= Rancho Pescadero (Gonzalez) =

Mexican land grant in California

Rancho Pescadero (also called Rancho San Antonio) was a 3282 acre Mexican land grant in present-day San Mateo County, California, given in 1833 by Governor José Figueroa to Juan José Gonzales. At the time, the grant was in Santa Cruz County; an 1868 boundary adjustment gave the land to San Mateo County. The name means fishing place. The grant extended along the Pacific coast from Pomponio Creek on the north to Butano Creek and Rancho Butano on the south, and encompassed present day Pescadero.

==History==
Juan José Gonzales, came to California with his father José Manuel Gonzales, as settlers on the 1775 De Anza Expedition. In 1833, Juan José Gonzales was mayordomo of the Mission Santa Cruz. Under Mexican rule, substantial changes in California society began, including the dismantling of the mission properties and expansion of colonists into California's former mission landholdings. Settlers petitioned for land grants, and between the years of 1834 and 1836 alone the Mexican Congress released million acres of mission lands to private ownership. Without the authority of the missions, the Indians lost any potential claim to their lands. The Former Mission cattle ranches at Pescadero and Año Nuevo were ultimately divided into three separate Mexican Period land grants deeded to Mexican citizens. These new land divisions included Rancho San Antonio- or Pescadero, Rancho Punta del Año Nuevo, and Rancho Butano.

He received a grant for the former Mission Santa Cruz pasture land, when the Mission was secularized. He built an adobe house on the eastern side of the property near Pescadero Creek and a wood-frame house near Butano Creek, where his vaqueros lived. Gonzales was an absentee ranchero who lived with his large family of thirteen children near Mission Santa Cruz, while vaqueros and other laborers tended to the rancho.
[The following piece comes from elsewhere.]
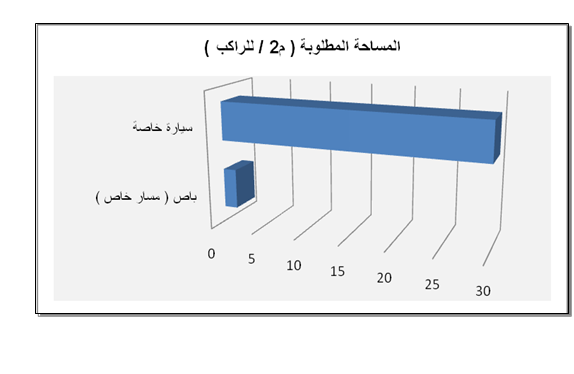 ثانيا – المقارنة من حيث استهلاك المساحة ضمن المنطقة الحضرية عن طريق حساب المساحة الطلوبة بالمتر المربع لكل راكب والسرعة بالكم / ساعة وذلك بين السيارة الخاصة والباص ، حيث وجد انه لسرعة 40 كم / ساعة يتطلب الراكب الواحد في الباص مساحة 1,5 متر بينما يتطلب مساحة 30 متر في حالة المركبة الخاصة .

A claim for Rancho Pescadero was filed with the Public Land Commission in 1852. Gonzales had originally requested a four square league grant, from Rancho San Gregorio on the north to Rancho Punta del Año Nuevo on the south; yet the grant papers specified the grant as only one league along the coast by three quarters of a league wide. Gonzales unsuccessfully appealed to the US Supreme Court in 1859, and the grant for three quarters of a square league was patented to Juan José Gonzales in 1866.

In 1852, Juan Gonzales deeded a small portion of the Pescadero grant to family members, and sold 800 acre of the valley floor to the Moore family. Alexander Moore (1823–1902) came overland from Missouri to California in 1847, and moved to Pescadero in 1850. In 1860, the Bartlett Weeks Family, natives of Maine who came to California in 1859 purchased 157 acres of what is now downtown Pescadero and became neighbors with Moore who had already built his house on the north side of Pescadero Creek in 1853. Clearly the influx of American and other settlers was transforming the coastal area into a mosaic of subdivided properties.